Begin at the line that holds "豚肉のプルコギ、トックとわか" and copy each line exactly until the data below ends, including that last line but no pictures.

(Supplied information begins)

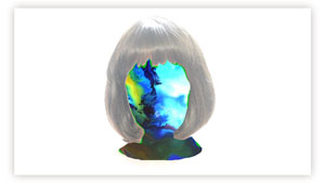 This helped inspire the concept of erasing Lesteria's face and replacing it with green screen, which we then filled with star-scapes, morphing shapes, and blank void. Then we gradually inverted the principle so that Lesteria's face was interchangeably a vessel for the increasing vastness of space and a character (or characters) within it. Finally, the face and the space disintegrate into each other, as the text arrives at the question of whether the artist's conceptions of positive and negative space have really been in unity all along.
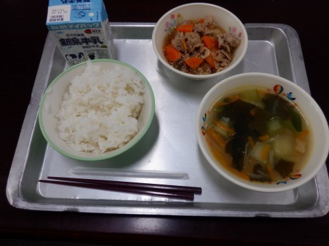 豚肉のプルコギ、トックとわかめのスープ、ごはん、牛乳です。きょうは韓国料理のメニューです。どちらも辛味はなく、どちらかというと甘めの味つけでした。子どもたちもしっかり食べていました。
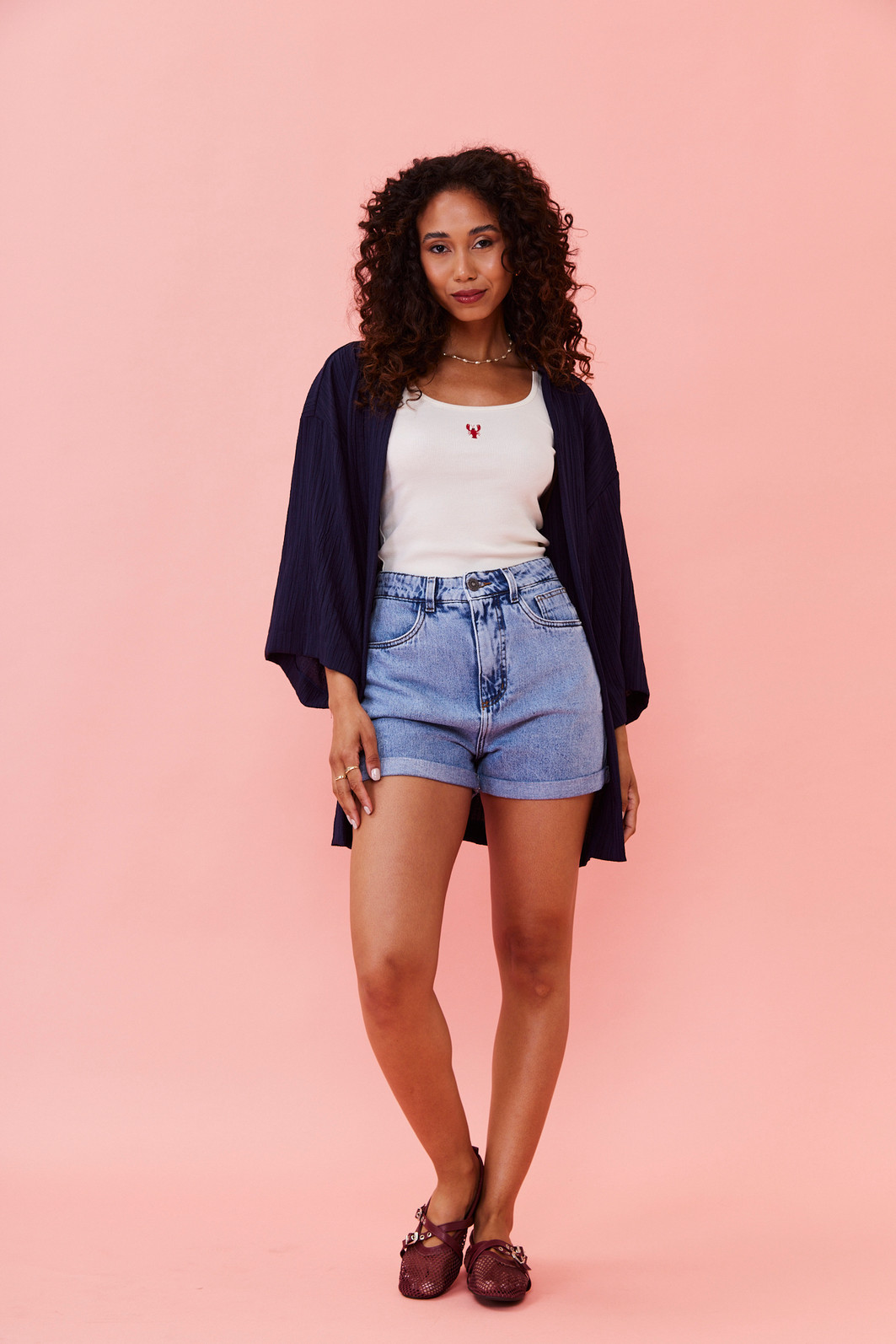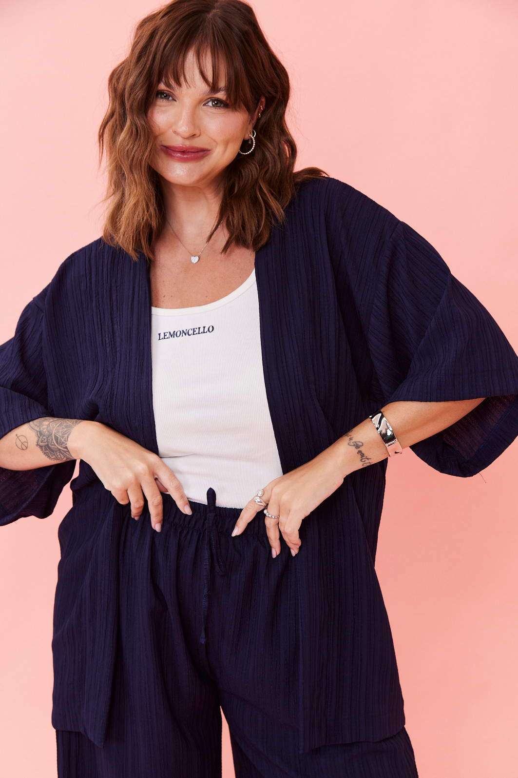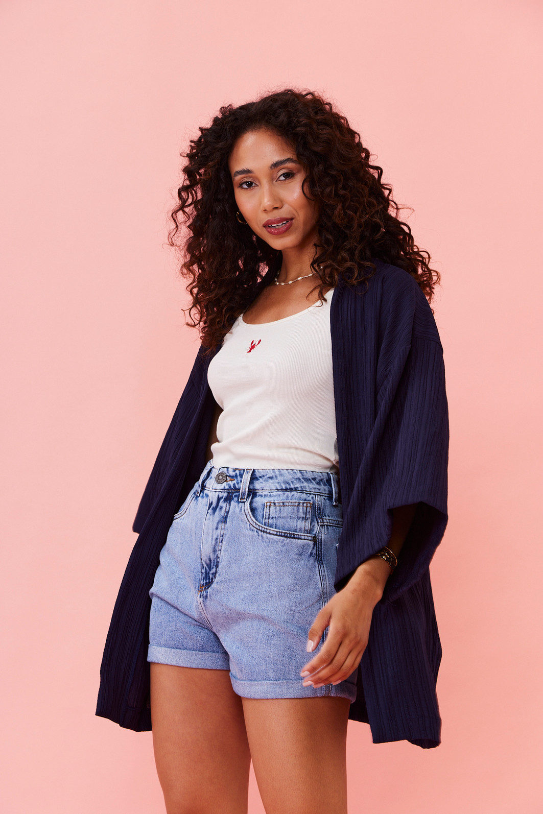 Um kimono leve, estiloso e cheio de personalidade. Com caimento fluido e mangas amplas, ele traz movimento e conforto na medida certa. Pensada para valorizar cada detalhe. Perfeito para sobrepor looks básicos ou complementar produções mais elaboradas, ele é aquele tipo de peça que transforma o visual com elegância e originalidade.

(Supplied information ends)

* [Solution to the exercise]
 豚肉のプルコギ、トックとわかめのスープ、ごはん、牛乳です。きょうは韓国料理のメニューです。どちらも辛味はなく、どちらかというと甘めの味つけでした。子どもたちもしっかり食べていました。
 Um kimono leve, estiloso e cheio de personalidade. Com caimento fluido e mangas amplas, ele traz movimento e conforto na medida certa. Pensada para valorizar cada detalhe. Perfeito para sobrepor looks básicos ou complementar produções mais elaboradas, ele é aquele tipo de peça que transforma o visual com elegância e originalidade.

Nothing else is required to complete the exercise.